Wójcik Katarina, Stompór Tomasz, Krzanowski Marcin, Miarka Przemysław, Zdzienicka Anna, Sułowicz Wladyslaw
Department of Nephrology, Jagiellonian University, Collegium Medicum, Cracow, Poland.
Med Pregl. 2007;60 Suppl 2:114-6.
Malnutrition is a frequent complication among patients on chronic peritoneal dialysis and early recognition of malnutrition can be a key factor in successful treatment. The aim of the study was to assess the nutritional status of patients on peritoneal dialysis and to search for the relationships between activation of non-specific inflammatory process and progression of malnutrition. The study group included 60 patients (age 50.4+/-14 years) on peritoneal dialysis for 17.6+/-20 months. Fourty-six patients completed the entire 24-month observation period. Nutritional status was assessed using SGA scale, anthropometric measures, bioimpendance, and several biochemical parameters. Inflammatory markers included: IL-6, TNFalpha, fibrinogen and CRP. Severe malnutrition was observed in the range between 8.4% (5 subjects, group C in SGA scale) to 11.7% (7 subjects, BMI <20 kg/m2) of patients. The nutritional status of the entire cohort was constant over 2 years of observation (based on SGA scale), although the mean albumin level decreased significantly after 24 months of observation (from 39.55+/-3.5 to 37.63+/-3.7 g/l; p<0.01). The mean concentrations of CRP (4.8 and 5.25 mg/l), IL-6 (3.45 and 6.8 pg/ml) and leptin (22.95 and 22.2 ng/ml) were above reference ranges both at the initial and final assessment. Moreover, the concentration of IL-6 significantly increased (p<0.001) after 24 months of observation. Patients treated with PD are frequently affected by malnutrition. Our results indicate a strong association between nutritional indices and markers of inflammation.

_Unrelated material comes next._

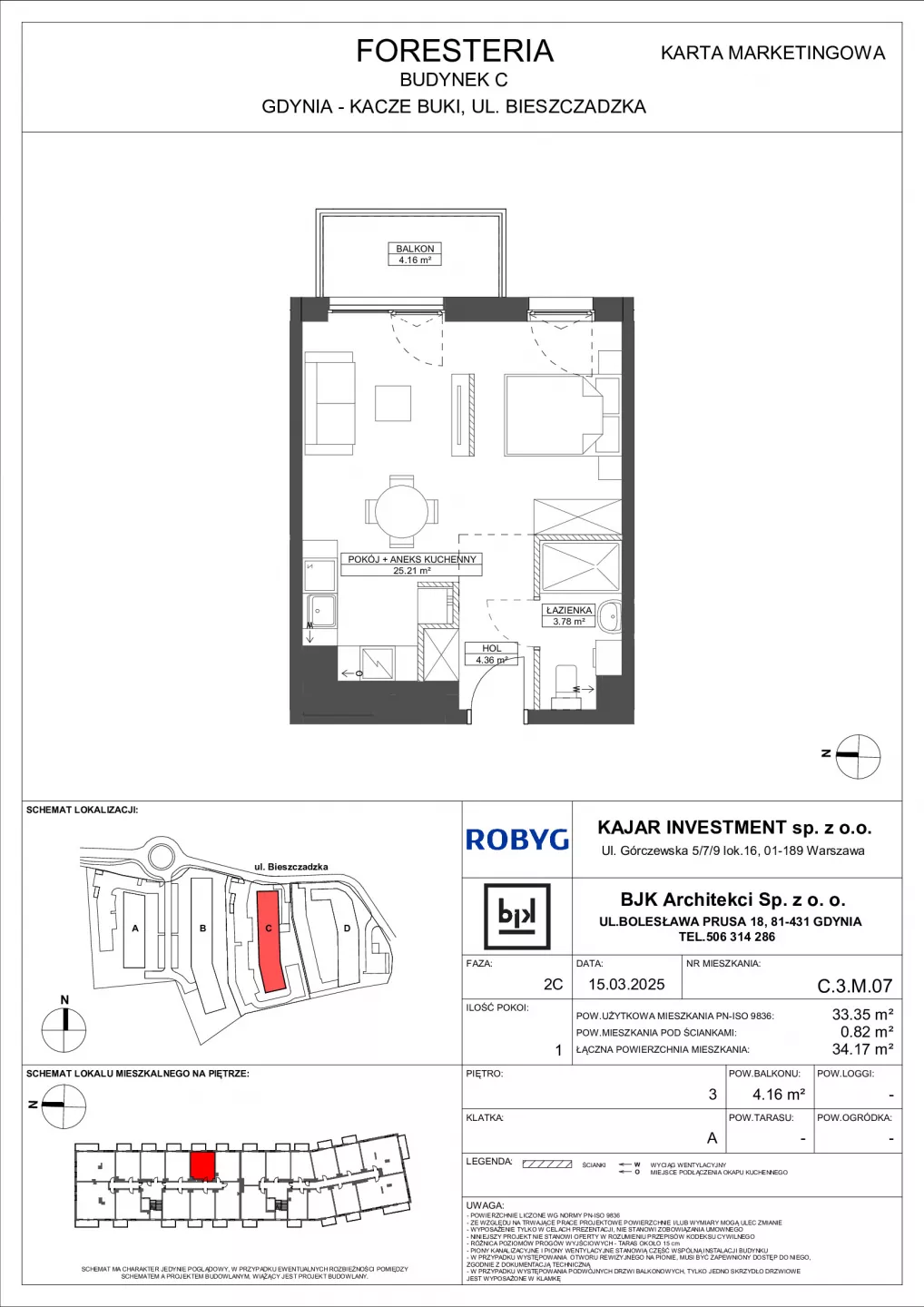 MAKIETY 3D: https: //3destate.app/robyg/ Udogodnienia: nowoczesne architektura, zielona przestrzeń, mała architektura, pakiet SmartHome, wielofunkcyjne osiedle, doskonałe skomunikowanie z centrum, spokojna okolica Przynależności: ogród, taras, balkon Bezpieczeństwo: drzwi antywłamaniowe, monitoring, wideodomofon Wielkość Projektu: 127 mieszkań Garaże: Na terenie inwestycji powstanie 50 miejsc garażowych i 53 miejsc naziemnych Komunikacja: w pobliżu znajduje się obwodnica, droga ekspresowa S6 i przystanki autobusowe Odległość od Centrum: 12,7 km

营养不良是慢性腹膜透析患者常见的并发症,早期识别营养不良是成功治疗的关键因素。本研究旨在评估腹膜透析患者的营养状况,并探寻非特异性炎症过程激活与营养不良进展之间的关系。研究组包括60例腹膜透析患者(年龄50.4±14岁),透析时间为17.6±20个月。46例患者完成了整个24个月的观察期。采用主观全面评定法(SGA)量表、人体测量指标、生物电阻抗和多项生化参数评估营养状况。炎症标志物包括:白细胞介素-6(IL-6)、肿瘤坏死因子-α(TNFα)、纤维蛋白原和C反应蛋白(CRP)。严重营养不良的患者比例在8.4%(5例,SGA量表中的C组)至11.7%(7例,体重指数<20kg/m²)之间。在2年的观察期内,整个队列的营养状况保持稳定(基于SGA量表),尽管观察24个月后平均白蛋白水平显著下降(从39.55±3.5降至37.63±3.7g/l;p<0.01)。在初始和最终评估时,CRP(4.8和5.25mg/l)、IL-6(3.45和6.8pg/ml)和瘦素(22.95和22.2ng/ml)的平均浓度均高于参考范围。此外,观察24个月后IL-6浓度显著升高(p<0.001)。接受腹膜透析治疗的患者常受营养不良影响。我们的结果表明营养指标与炎症标志物之间存在密切关联。